European Medicines Agency updates on safety of Pradaxa

European Medicines Agency (EMA)The European Medicines Agency is providing an update on the safety of the anticoagulant medicine Pradaxa (dabigatran etexilate). Pradaxa has been authorised since March 2008 for primary prevention of venous thromboembolic events in adults who have had elective total hip replacement surgery or total knee replacement surgery. Since August 2011, it is also authorised for the prevention of stroke and systemic embolism in adult patients with non-valvular atrial fibrillation. The efficacy of Pradaxa as demonstrated in clinicial trials remains unchanged.

The Agency is aware of recent media interest regarding fatal cases of bleeding in patients treated with Pradaxa. The risk of bleeding with anticoagulant medicines is well-known. For Pradaxa, this has been reflected since its initial marketing authorisation in the approved EU product information, which recommends that doctors check for signs of bleeding and discontinue treatment in patients with severe bleeding. Pradaxa is contraindicated in a number of conditions, including in patients who are bleeding and patients with severe renal impairment, and it should be used with caution and at lower doses in elderly patients and patients with moderate renal impairment (depending on indication and circumstances).

The issue has been kept under close review and in October 2011 the Agency's Committee for Medicinal Products for Human Use (CHMP) recommended further changes to the product information following reports of fatal cases of bleeding coming from Japan and assessment of the latest available worldwide data on the risk of fatal bleeding.

The recommended updated product information includes advice that renal function be assessed in all patients before starting Pradaxa treatment; while on treatment, renal function should be assessed at least once a year in patients over 75 years of age and whenever a decline in renal function is suspected in patients of any age. Doctors are being informed about the CHMP's recommendations in a letter sent by the marketing authorisation holder.

On 6 November 2011 a worldwide total of 256 spontaneous case reports of serious bleeding resulting in death were recorded in the EudraVigilance database in association with the use of dabigatran, the active substance of Pradaxa. 21 out of these 256 cases were reported in the EU.

The number of reports of bleedings in patients treated with Pradaxa has to be seen in the context of the rapidly increasing use of Pradaxa worldwide as a result of approval of a new indication (prevention of stroke and systemic embolism in adult patients with non-valvular atrial fibrillation) in several regions of the world and also the increased awareness about the drug, a factor that is known to lead to higher than usual reporting of side effects.

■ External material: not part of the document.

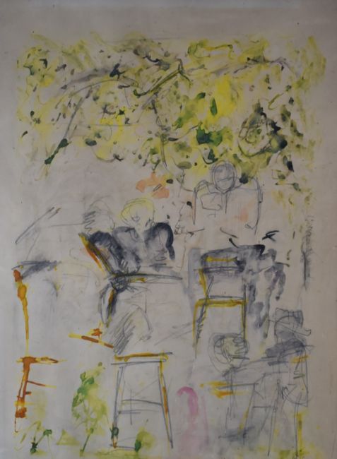 Lorraine Cavanagh (b1955) modern watercolour sketch ' Avignon Cafe', monogramed lower right 60 x 45cm, in stained wood frame

The CHMP is of the opinion that the recommended changes to the use of Pradaxa adequately manage the risk of bleeding. The Agency will continue to closely monitor this issue and the overall safety profile of Pradaxa. The Committee will look again at all case reports received so far to confirm that the frequency of occurrence of fatal bleedings has not increased and that the recommended product information is appropriate to manage the risk.

Patients who wish to have more information about their Pradaxa treatment should contact their doctor. Patients who are taking Pradaxa must not stop their treatment without consulting their doctor.